The connection to the gradient vector (your prerequisite) is direct. The gradient ∇f = (∂f/∂x, ∂f/∂y) collects the partial derivatives, and the total differential can be written compactly as df = ∇f · (dx, dy) — the dot product of the gradient with the displacement vector. This reveals the total differential as a special case of the directional derivative: it measures the change in f due to a displacement (dx, dy), and the gradient is the linear functional that performs this measurement. The tangent plane, the total differential, and the gradient are all the same linear object viewed from different angles.

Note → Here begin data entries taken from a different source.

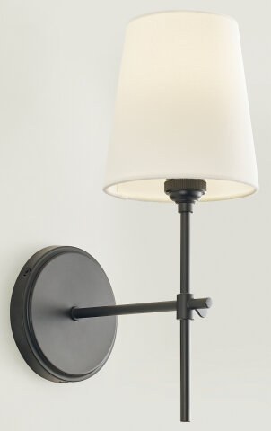 SCONCE W/ SLENDER STEM AND SHADE MIDNIGHT BLACK FABRIC WHITE LINEN
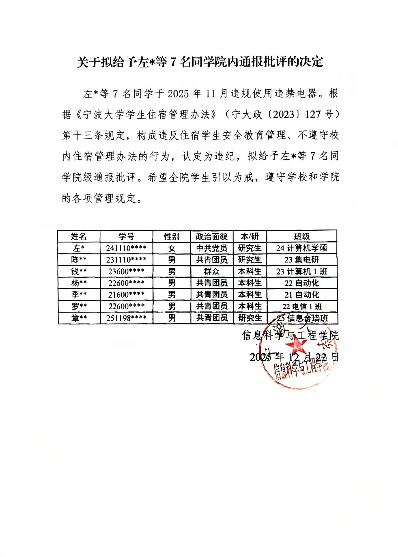 关于拟给予左*等7名同51黑料 内通报批评的决定
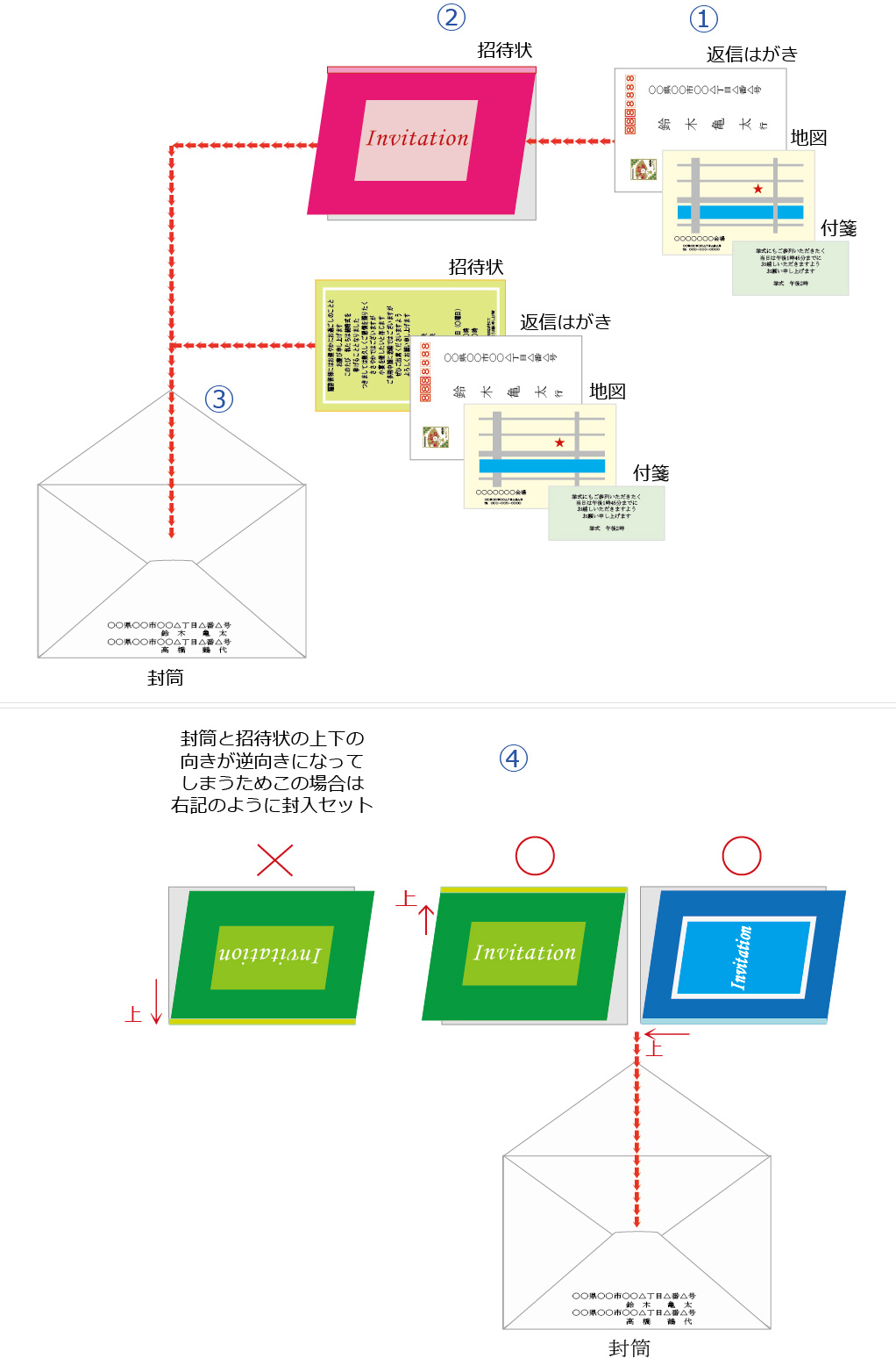 画像で解説 結婚式招待状の封筒への入れ方 全8パターンアンシェウェディング。
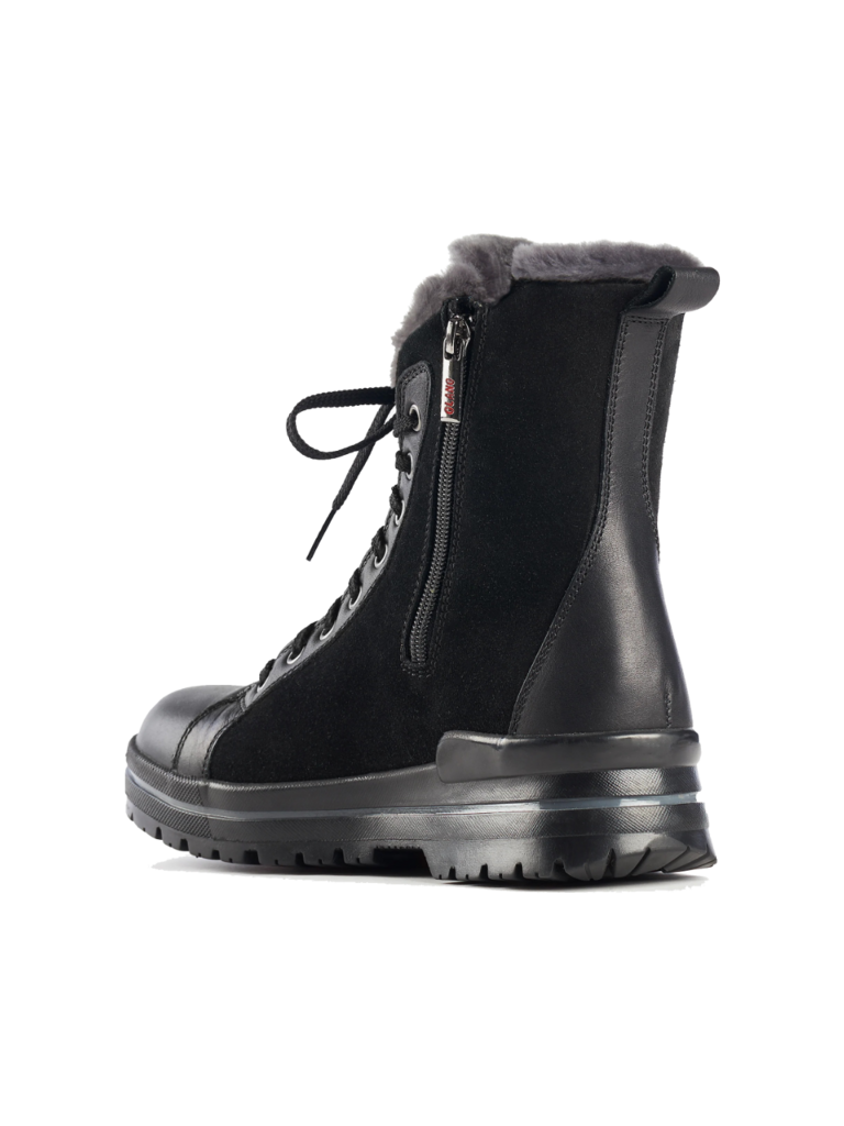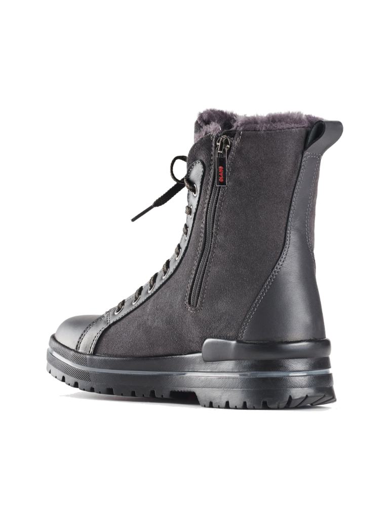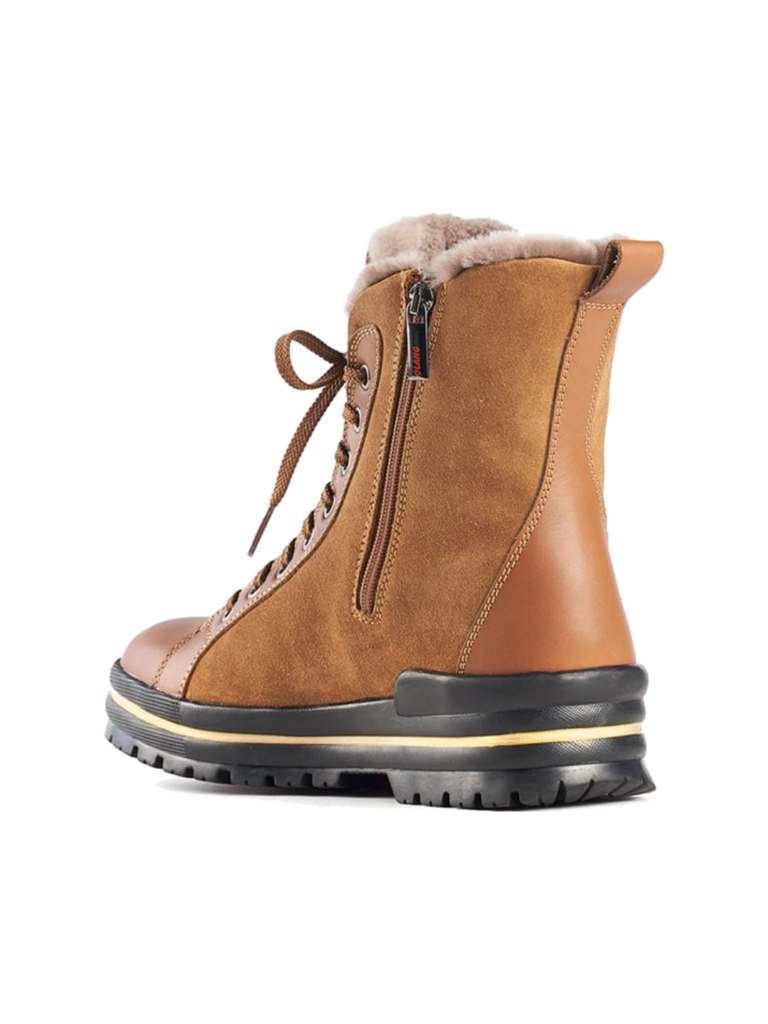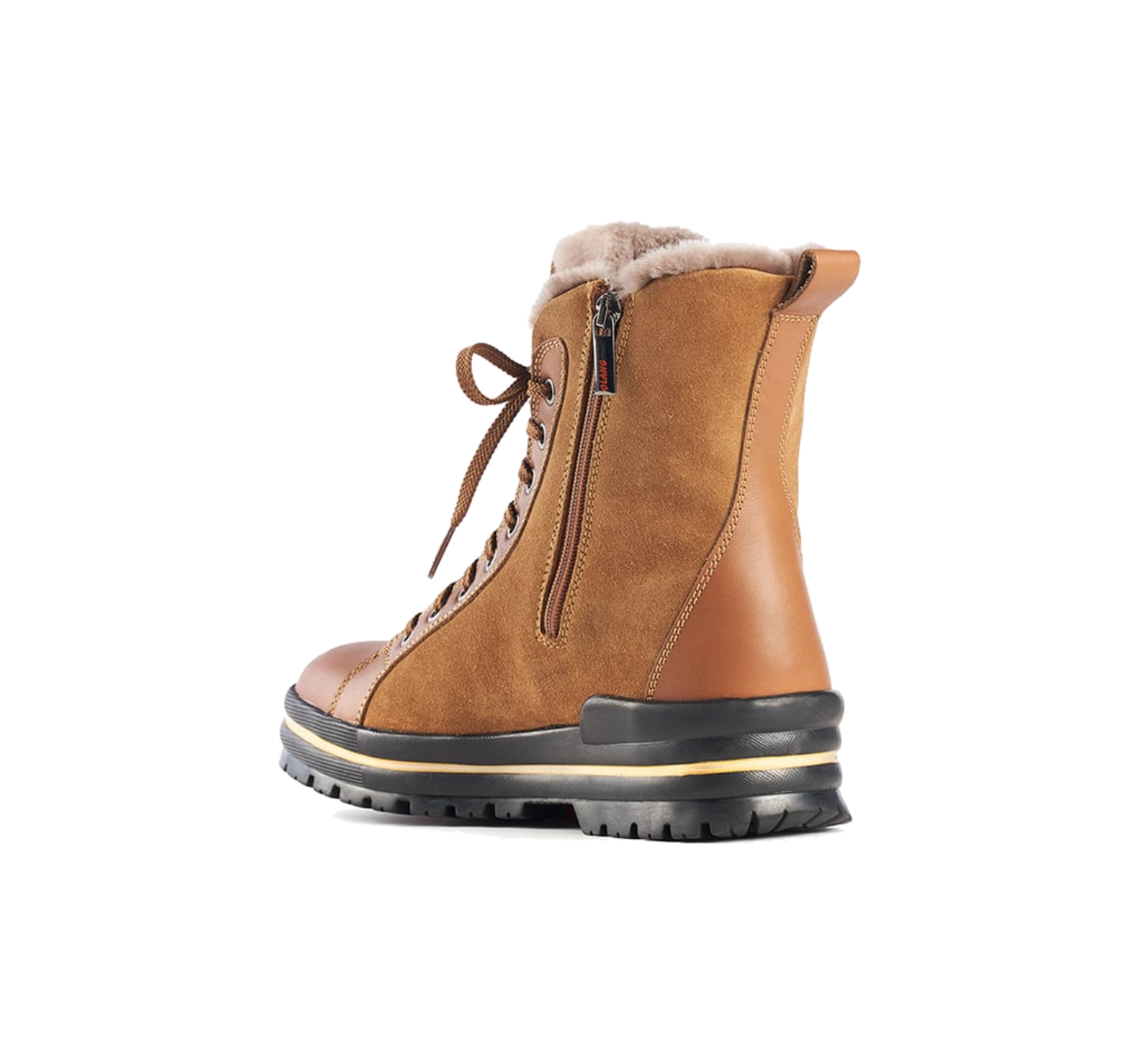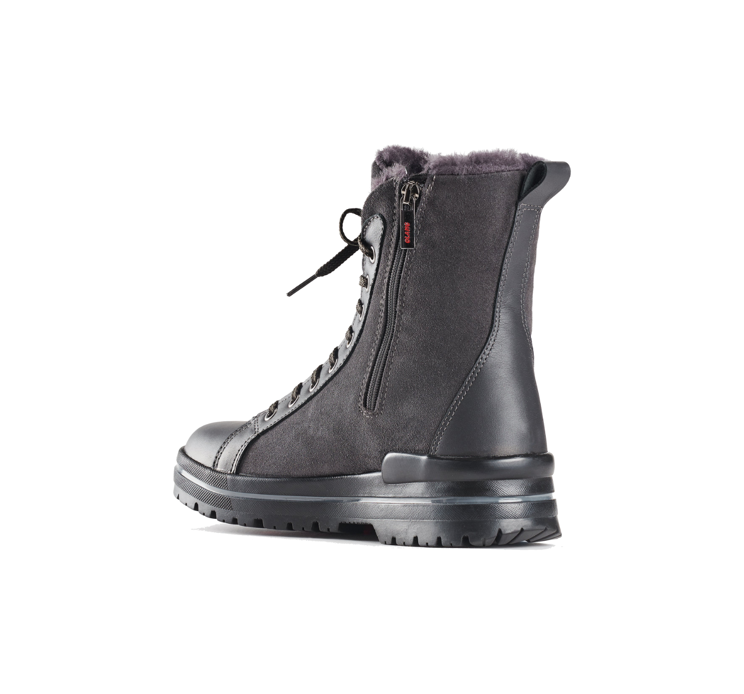 - Laces with sturdy metal eyelets and hooks and robust zipper located on the inside of the boot

In practice, the total differential gives a quick and useful error estimate. If f(x, y) = x²y and you measure x ≈ 3, y ≈ 2 with small measurement errors dx and dy, then the resulting error in f is approximately df = 2xy·dx + x²·dy = 12dx + 9dy. This linearization principle appears throughout applied mathematics — error propagation in physics, sensitivity analysis in engineering, and Newton's method for solving systems of equations. It is also the foundation for the multivariable chain rule, implicit differentiation in higher dimensions, and the inverse function theorem, all of which formalize the idea of tracking how small input changes propagate into output changes.